Delivering his Keynote Address entitled “Gains and challenges of free maternal healthcare,” Mimiko deplored what he called the Breton Woods catechism that public health services cannot be free, which he said was already having adverse effects on developed countries like the United States.

He said: “Evidence abounds today that the issue of maternal health is regarded as a human right. In the USA, between 1990 and 2015, maternal mortality increased by 26 per cent, the only advanced country with such a problem problem.

“Recently, the abandonment of Barrack Obama’s Affordable Healthcare Act has been causing a lot of crisis. In Nigeria, If you add the unpaid work of women to our GDP, you will realise that women rule our society.

“We must accept the morality that government has a responsibility to finance universal health coverage, beginning with maternal and child healthcare. Our shared humanity places the burden on us to have shared responsibilities for safe motherhood.”

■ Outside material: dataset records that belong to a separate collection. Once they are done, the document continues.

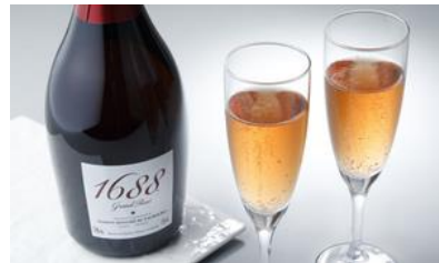
★1688 Grand Rosé/ 株式会社 YELL 価格：4,212円（東京都）

☆百貨店などでは売られていないので、希少性がある。驚くほど香りも良く、ギフトをもらい慣れている方にも喜ばれる。
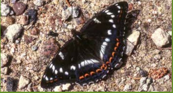
Kleiner Eisvogel – ein wunderschöner Falter der feuchten Laubwälder. Seine Rau-pen leben am Geißblatt.
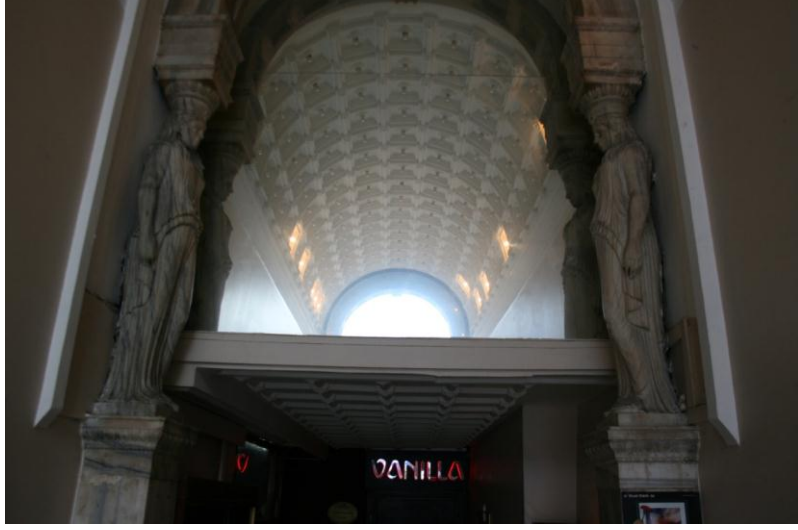
Foto. 11 Alkazar Sineması karyatitlerinden görünüm.

Citing the example of the Abiye programme of his administration where healthcare from pregnancy to delivery cost just N5,000 and where pregnant women were given free phones through which they accessed the health rangers who treated them for free at home, Mimiko said giving birth is a divine injunction that must be obeyed through increased public health expenditure.

Under Abiye, he said, maternal mortality was reduced by 70 per cent.

Noting that the most important variable in reducing maternal mortality is political will, he charged medical practitioners to develop a set of health indices through which politicians can be assessed for re- election purposes, adding that this was the only way to get the political will.

He added that practioners in the health sector must find creative ways of resolving crisis rather than resorting to strikes.